Jan. 16th, 2011

I looked at my browser this morning and realised that I had an unusual number of YouTube pages open, for me. So I thought I would share them with all of you. They're behind a cut, because that's how I roll; click and discover odes to twine balls, acrobatic tangos, and one rescued coyote.

If you could go anywhere in this great big world, now, where'd you like to go to? )
Trace Chapter Nine and the Epilogue have been posted! Knock yourselves out, kids. Thanks for coming to Railburg with me.

Meanwhile, in origami news, is that a dollar bill in your pocket, or --



Oh. It's a dollar bill. (Slyly tucked in a pair of pants so you guys can't see how amateurishly I folded the balls.)

Both pieces today are from Pornogami. That link won't teach you how to fold the dollar bill in the photo, but it will teach you to fold a penis. I got the book for my birthday, and it has provided endless hours of lulz and entertainment, because I'm twelve.

Also, I thought you all might like to see how the bacon cheesecakes came out -- here they are in the pan, and here's the one I scooped out warm. Since the crust didn't want to come out with the cheesecake, I took it out separately and spooned it over the top. Om nom nom.
I was going through some files tonight when I found the best paper I think I have ever written. It's a page long, handwritten, and I did it in 1996. It's not especially intelligent on its own, but given a little context, it still makes me grin with pride.
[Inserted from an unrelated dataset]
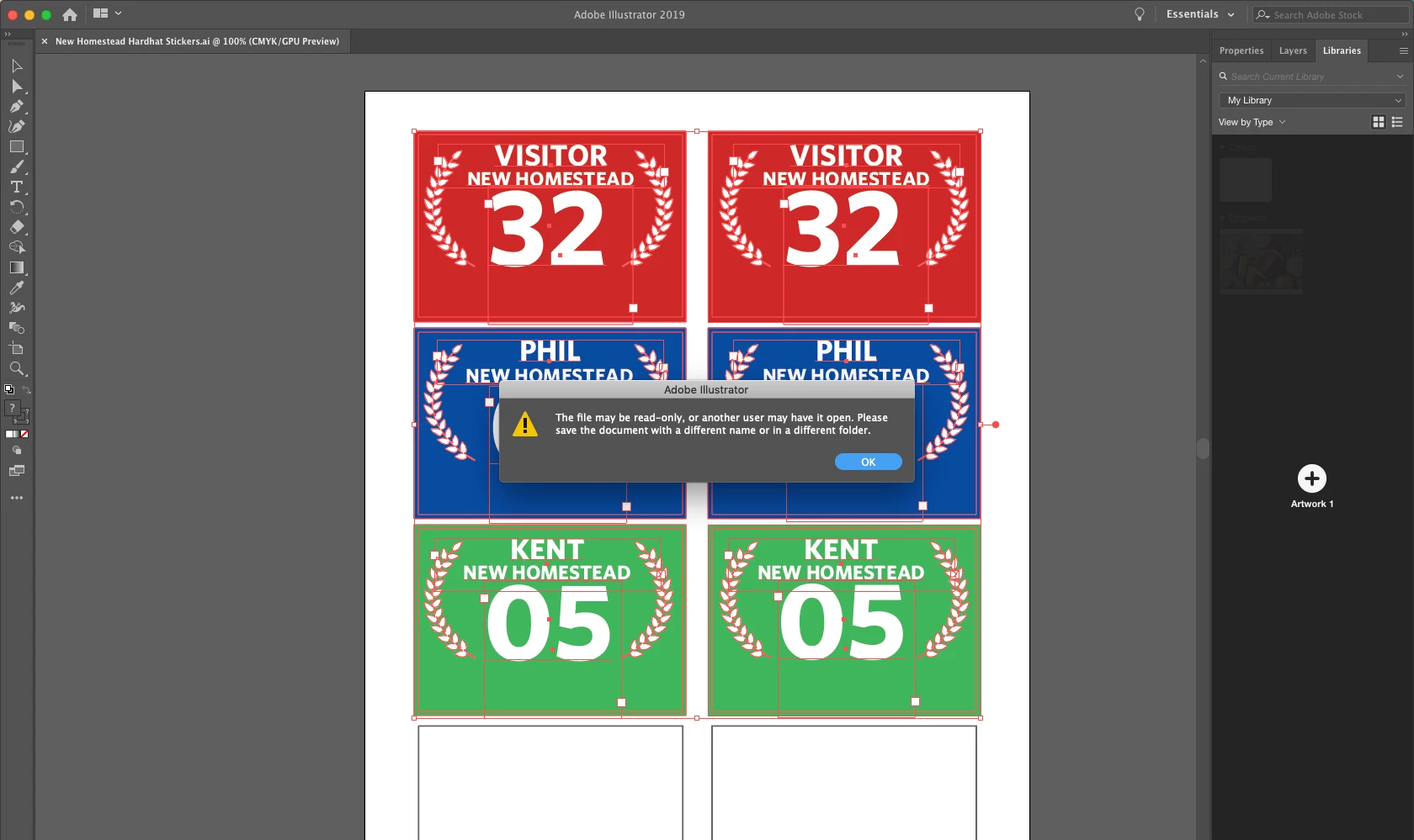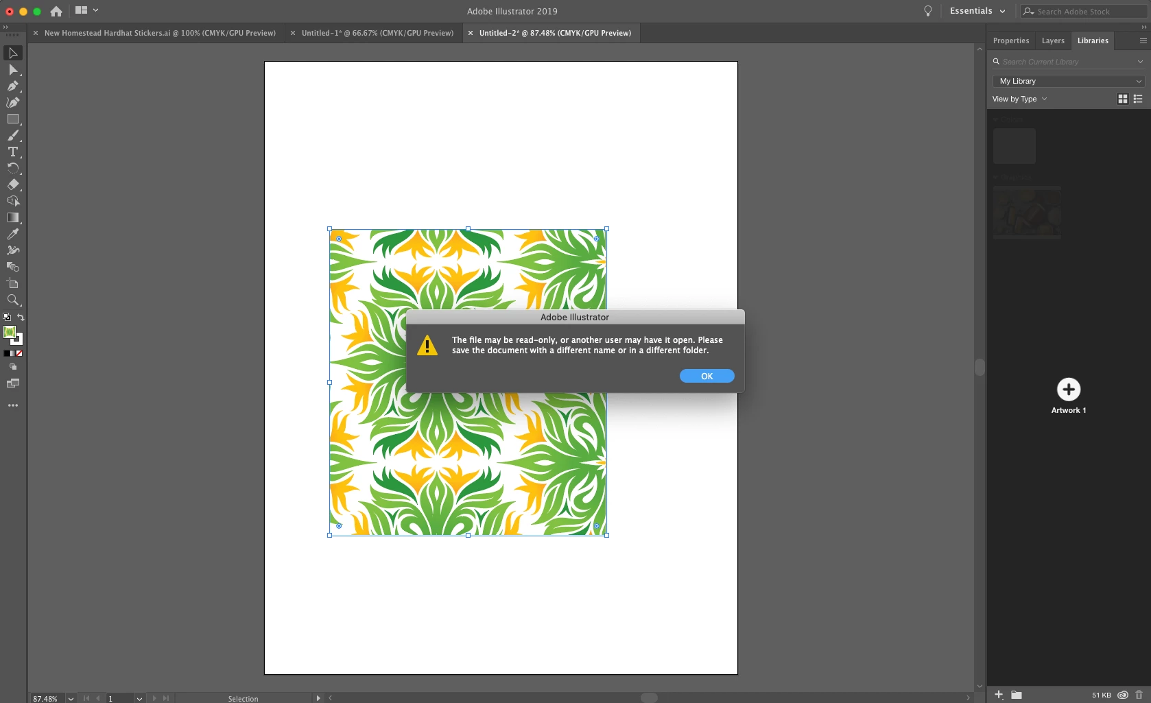 So far I've logged out and back in to my Adobe CC App, tried creating a new library to add things to (didn't work still), tried adding things in Illustrator and I get the error that I don't have permission/file might be read only and to resave (attached photo). Resaved and tried a brand new document with just a filled square on it to drag in or add with the plus and got the same error message (attached photo). Photoshop would only add color swatches.

When I was in high school, I managed to get into a class with the Really Good History Teacher. She tried very hard to make class interesting, which is not easy, because the interesting parts of history are mostly the parts they don't want to teach you in high school. For example: the Constitution of the United States is an important document and statesiders should certainly know a bit about what it says and what it means. Unfortunately, it is also dead boring.

In order to make it more interesting, our teacher proposed a game. The class would divide up into four teams, and each team would study and present an aspect of the Constitution to a council of philosophers, who would vote on whether or not to ratify it. Thirteen students in the class were tapped to be philosophers. (For those following at home, that's about a third of the class -- go California public schools.) Each was assigned a historical figure to research and roleplay during the presentations. I don't recall all thirteen; I know Emma Goldman was one, and either Plato or Aristotle was another. The philosophers had to turn in their notes, along with a one page defence of their final decision, to get their grade.

I jumped at the chance not to have to work in a group studying the Constitution. I volunteered to be Machiavelli. The rest of the class slaved away on Federalism and Republicanism; I read The Prince, which was not easy going either, but at least more exciting by way of being somewhat taboo.

For a week, each team took turns making their presentations, and on Friday the philosophers were expected to vote. I was the last in line, and the vote was tied among the other twelve, making me the deciding factor. I could see the kids who'd presented look despairingly at one another, because there's no way the guy who wrote The Prince would vote to ratify a document that attempts to support the equal voice of all. It had become weirdly important to them that this thing get ratified.

I have been a smartass pretty much all my life. I was a good student, but I loathed predictability. So I stood up and said, "I vote to ratify."

I had to defend my conclusion, of course, which I did by reading out the final paragraph of my decision paper: I vote to ratify this Constitution. In less than ten years I am confident this country will collapse and a true leader will rise to take control. I realize that ratification cannot be stopped, and so I do this to show the people the folly of American Constitutionalism. When the new order looks back on this event, they will see it for the failure it is. There can be no better proof of its weakness.

I thought it was moderately clever. My teacher's comment was glowing: Very appropriately evil strategy, M. Machiavelli.

I think I'll hang it on my wall. Hi there, me at half my age -- you've got a pretty interesting future ahead of you.